1993–2002 – United Nations Economic and Social Commission for Asia and the Pacific (UNESCAP) proclaimed the “Declaration of Asia-Pacific Decade for Disabled Persons”. Being a member, the Philippines adopted the declaration.

January 15, 1993 – Proclamation No. 125 was issued by then President Fidel Ramos giving mandate to the National Council for the Welfare of Disabled Persons (Philippines) to coordinate activities and to monitor the observance of the Asian and Pacific Decade of Disabled Persons (1993–2002) in the Philippines.

2003–2012 – UNESCAP proclaimed the extension of Declaration of Asia-Pacific Decade for Disabled Persons.

May 2002 – UNESCAP adopted the resolution “Promoting an inclusive, barrier-free and rights-based society for people with disabilities in the Asian and Pacific region in the twenty-first century” naming it the “Biwako Millennium Framework”

May 3–7, 2003 – Interregional Seminar and Regional Demonstration Workshop on Accessible Information and Communications Technologies (ICT) to Persons with Disabilities was held at Bayview Park Hotel, Manila, Philippines where 11 countries from Asia-Pacific were represented. The Manila Accessible Information and Communications Technologies (ICT) Design Recommendations was drafted and adopted.

October 26–28, 2004 – First Regional Workshop on Accessible ICT for Persons with Disabilities was held in Tagaytay. Web accessibility was introduced to 25 webmasters from different government, non-government agencies, and the academe. Leo Valdes of Vision Office Support Services was the lecturer. Webmasters from the Luzon and Metro Manila areas were invited to attend.

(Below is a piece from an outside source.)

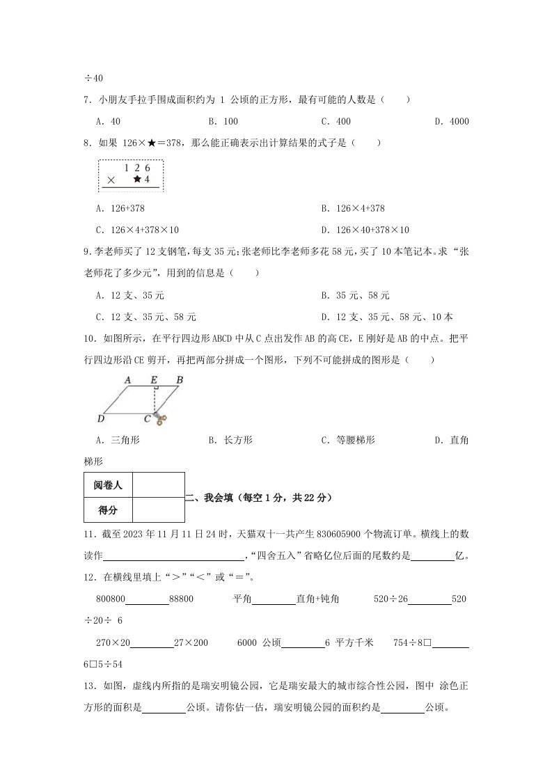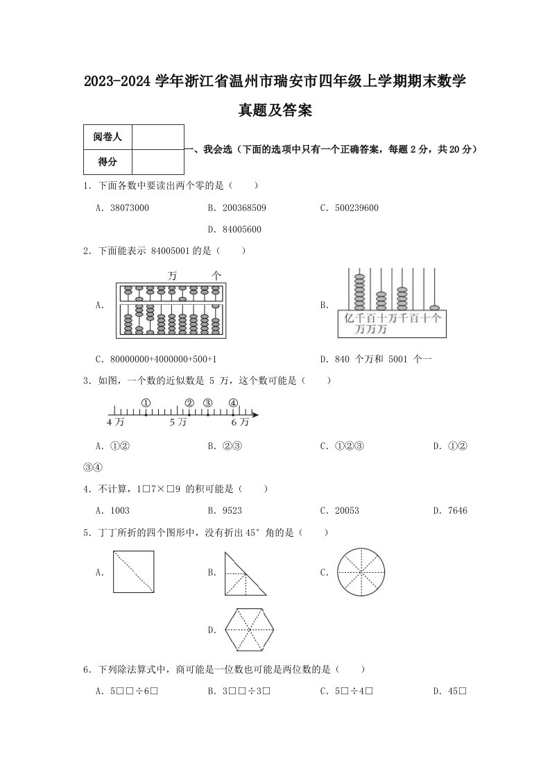 当前位置: 首页小学资源小学四年级正文 2023-2024学年浙江省温州市瑞安市四年级上学期期末数学真题及答案(Word版)_共19页 小学四年级 1 周前 0 0 10 以上为部分内容预览,如需源文档请登录您的会员账号进行下载! 声明:本站所有文章,如无特殊说明或标注,均为本站原创发布。任何个人或组织,在未征得本站同意时,禁止复制、盗用、采集、发布本站内容到任何网站、书籍等各类媒体平台。如若本站内容侵犯了原著者的合法权益,可联系我们进行处理。 尚学资源永久会员 打赏 收藏 海报 链接

Follow up activities were formed. These are:

1. Search for Good Practices – The National Computer Center (NCC) and NCWDP periodically review participants' websites for improvements and ideas. Model websites by participants are introduced during succeeding workshops.

2. Disabled-Friendly Website Awards – These were given to those participating websites who passed the accessibility recommendations set by NCC and NCWDP.

3. Development of Standards and Training Manuals – NCC takes a lead role in coordinating the development of technical recommendations in preparation for a national policy, and in the development of training manuals for these recommendations.

May 24–26, 2005 – Second Regional Workshop on Accessible ICT for PWDs was held in Marco Polo Hotel, Davao City. Mindanao webmasters and advocates attended this workshop.

June 2, 2005 – Philippine House of Representatives Official Website www.congress.gov.ph was the first recipient of “Disabled Friendly Website Award” given by NCWDP, National Computer Center, Commission on Information and Communications Technology (CICT), Department of Social Welfare and Development (DSWD) and Vision Office. Dahlia Villacorte, participant in Tagaytay workshop, was the web designer.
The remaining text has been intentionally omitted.